InvalidationPitfalls.cs — Why Naive KeyDelete Breaks Under Real Conditions
// ──────────────────────────────────────────────────────────────────────────────
// PITFALL 1  The delete-on-write race condition
// ──────────────────────────────────────────────────────────────────────────────
// Timeline:
//   T0  Writer A updates product 42 in the database
//   T1  Writer A calls KeyDeleteAsync("product:42")          ← delete issued
//   T2  Reader   calls GetAsync("product:42") → cache miss
//   T3  Reader   fetches OLD value from DB (replication lag!) → re-populates cache
//   T4  Writer A's database write becomes visible
// Result: cache now contains the OLD price. The delete accomplished nothing.
// The root cause is that delete-then-repopulate has no coordination with
// concurrent readers. The solution is not faster deletion — it is key versioning,
// which makes old keys unreachable without deleting them.

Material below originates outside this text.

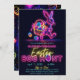 Convite de Caça ao Ovo de Páscoa com Brilho no Escuro em neon brilhante. Venha e vamos caçar ovos de Páscoa com brilho! Convite de Páscoa colorido e divertido em neon perfeito para festas de aniversário, festas infantis ou apenas por diversão! Caça ao ovo de Páscoa noturna. Modelo personalizável disponível impresso com verso correspondente ou como download digital instantâneo.
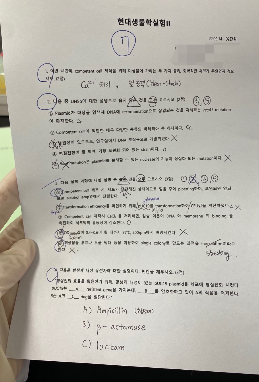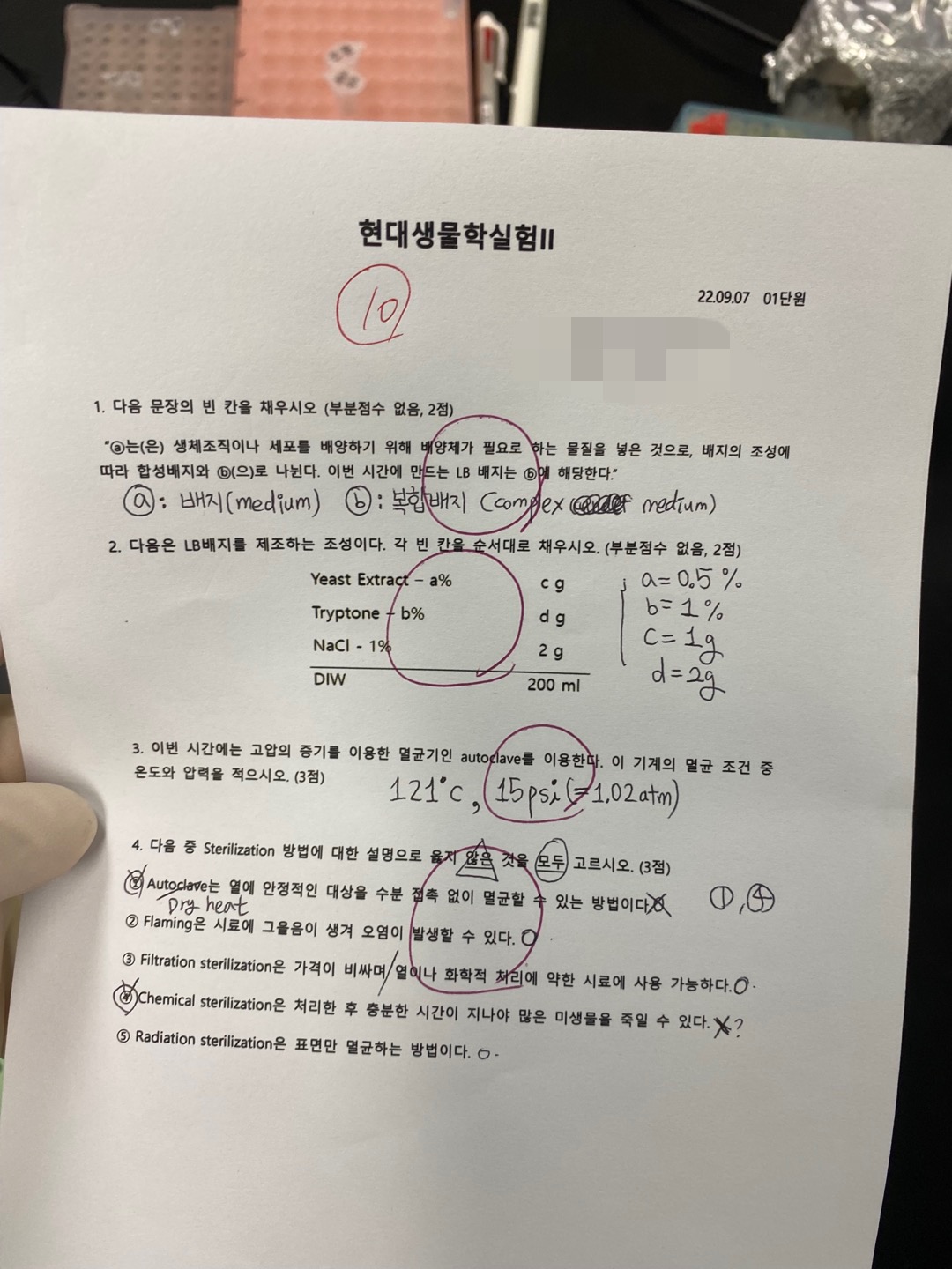 김성룡/현대생물학실험2/2022년 2학기/1-3단원 퀴즈

// ──────────────────────────────────────────────────────────────────────────────
// PITFALL 2  Partial invalidation — you deleted the leaf but not the branch
// ──────────────────────────────────────────────────────────────────────────────
public async Task UpdateProductPriceAsync(int productId, decimal newPrice)
{
    await _dbContext.Products
        .Where(p => p.Id == productId)
        .ExecuteUpdateAsync(s => s.SetProperty(p => p.Price, newPrice));

    // This invalidates the product detail key. But does NOT invalidate:
    //   - "products:category:electronics"        (list that includes this product)
    //   - "homepage:featured"                    (featured products widget)
    //   - "search:results:laptop-under-1000"     (search result that included this product)
    //   - "user:42:recommendations"              (personalised list containing this product)
    await _cache.RemoveAsync($"product:{productId}");

    // Each of those keys now serves stale data until their TTL expires.
    // The call site cannot enumerate them — it does not know they exist.
    // This is the problem tag-based eviction solves.
}

// ──────────────────────────────────────────────────────────────────────────────
// PITFALL 3  Using KEYS or SCAN in production to find related keys
// ──────────────────────────────────────────────────────────────────────────────
// DO NOT do this in production:
var server = _redis.GetServer(_redis.GetEndPoints().First());
await foreach (var key in server.KeysAsync(pattern: "product:*"))
{
    await _db.KeyDeleteAsync(key);
}
// KEYS blocks Redis for the entire scan. On millions of keys: seconds of pause.
// SCAN is non-blocking but NOT atomic — keys inserted during the scan are missed.
// Neither is a reliable invalidation strategy.
// The correct approach is to maintain an explicit key index per tag. See Section 3.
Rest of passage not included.